Compared to the above three automakers, which have overseas sales accounting for over 80% of their total, BYD's contribution from overseas markets at around 20% indicates that its globalization process is still in its early stages. If BYD aims to become a truly global automaker, the proportion of its overseas sales needs to increase further. Additionally, considering that China itself is a very large market, a slightly higher proportion of the domestic market is normal.
However, if BYD can secure approximately 3 million units in sales overseas, it can compete with Hyundai Motor. If BYD can achieve a 1:1 ratio between its overseas and domestic markets—a sales structure that at least international automakers achieve—it will have an annual sales volume of 8 million units, becoming one of the top three global automakers and achieving a true transformation. In fact, this may also be an inevitable goal for BYD, especially since it already ranked fifth in global automaker sales in 2024 with 4.272 million units sold.

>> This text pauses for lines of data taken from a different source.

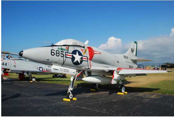
A-4 Skyhawk Canopy Cover

Travel Covers are made with Silver Solution-Dyed Polyester fabric and only lined over the windshield to save weight. The material is lightweight and more compact for easy stowage in the aircraft. The polyester material is water resistant, but only intended for occasional use outside. We also have an ultra lightweight material available for fitted hangar dust covers. For daily outdoor use, the non-travel Sunbrella Cover is the best choice.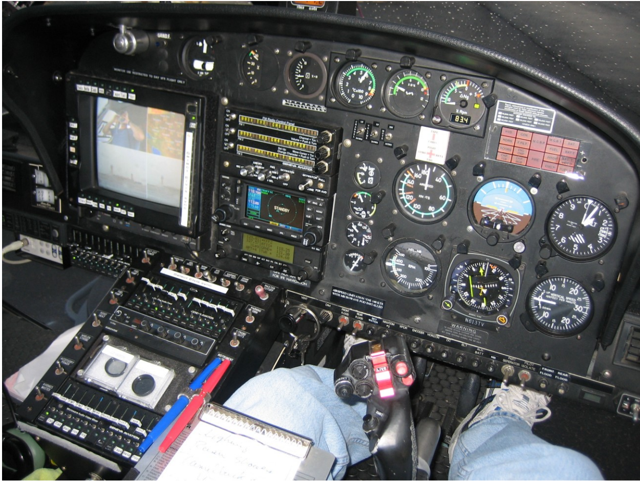
Figure 1. AS350B2 ENG Helicopter Instrument Panel.

threats, provided a 20- to 30-second warning of aircraft that were on a collision path, and plotted the eight most threatening aircraft locations on the display.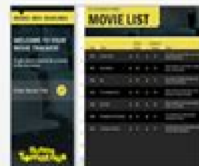
Movie list app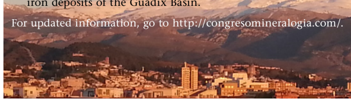
A view of the Sierra Nevada from Granada, Spain

For updated information, go to http://congresomineralogia.com/ .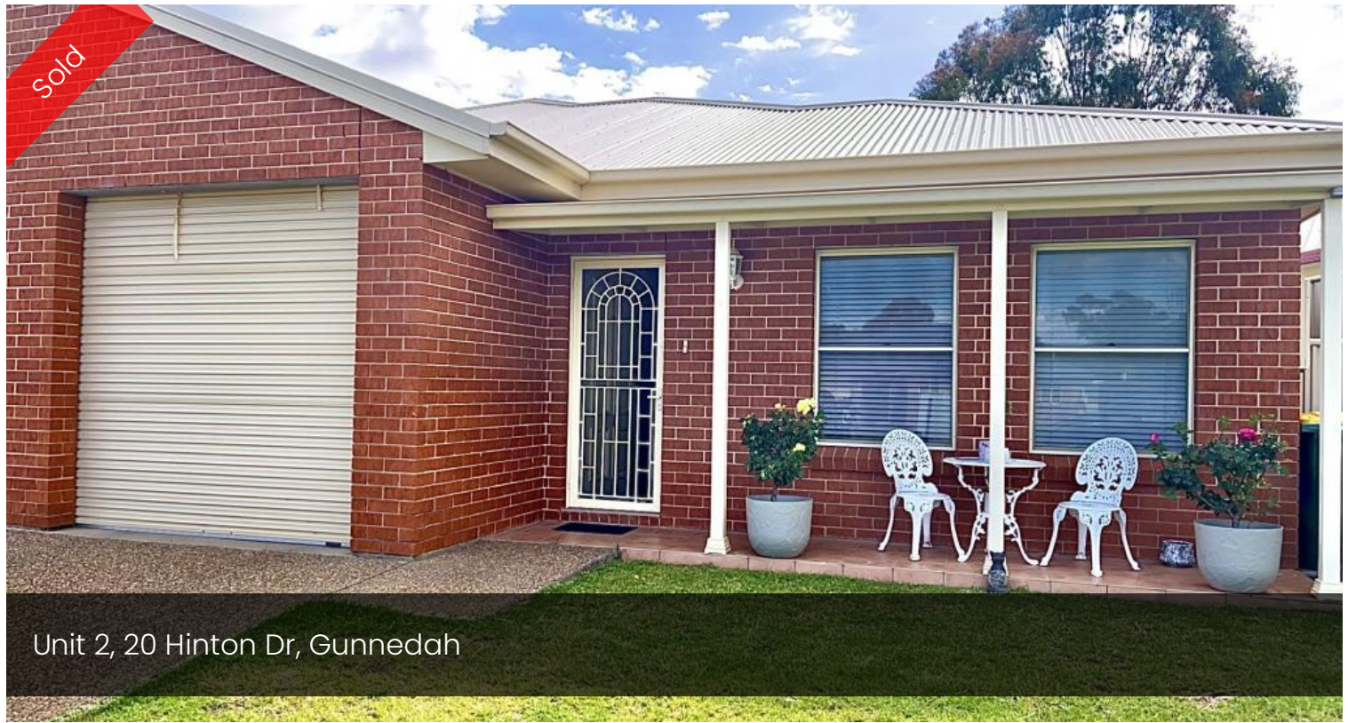
Unit 2, 20 Hinton Dr, Gunnedah

If the overseas market achieves 1.5 million units next year, there will be a 700,000-unit increase, bringing the total sales volume to 5 million units. Assuming sustained growth in overseas markets and stability or slight decline in the domestic market, BYD has the potential to become the third-largest global automaker within five years.

Of course, overseas market expansion can not only drive sustained sales growth for BYD but also further optimize its financial performance. According to calculations by Rhodium Group, the Seal U (Song PLUS) can generate a profit of €14,300 (approximately RMB 118,000) per unit in Europe, compared to only €1,300 (approximately RMB 11,000) per unit in China. Based on this estimate, the profit per unit for certain models in Europe is ten times that in China. Additionally, BYD's financial report for the first half of the year also shows that the gross profit per vehicle domestically is approximately RMB 17,900, while the gross profit per vehicle overseas reaches RMB 47,700, nearly 2.7 times that domestically. The significantly higher profitability in overseas markets is another crucial reason for BYD to expedite its overseas market expansion.
Among Chinese automakers, Chery currently leads in exports. From January to October this year, Chery's cumulative overseas sales were 1.06 million units, accounting for 46% of its total sales (2.29 million units). Additionally, from January to October this year, Great Wall Motors accounted for 37% of its sales overseas; Changan Automobile accounted for 22%; and Geely accounted for 14%. If BYD achieves the aforementioned overseas sales target next year, it may surpass Chery to become the leading exporter among Chinese automakers.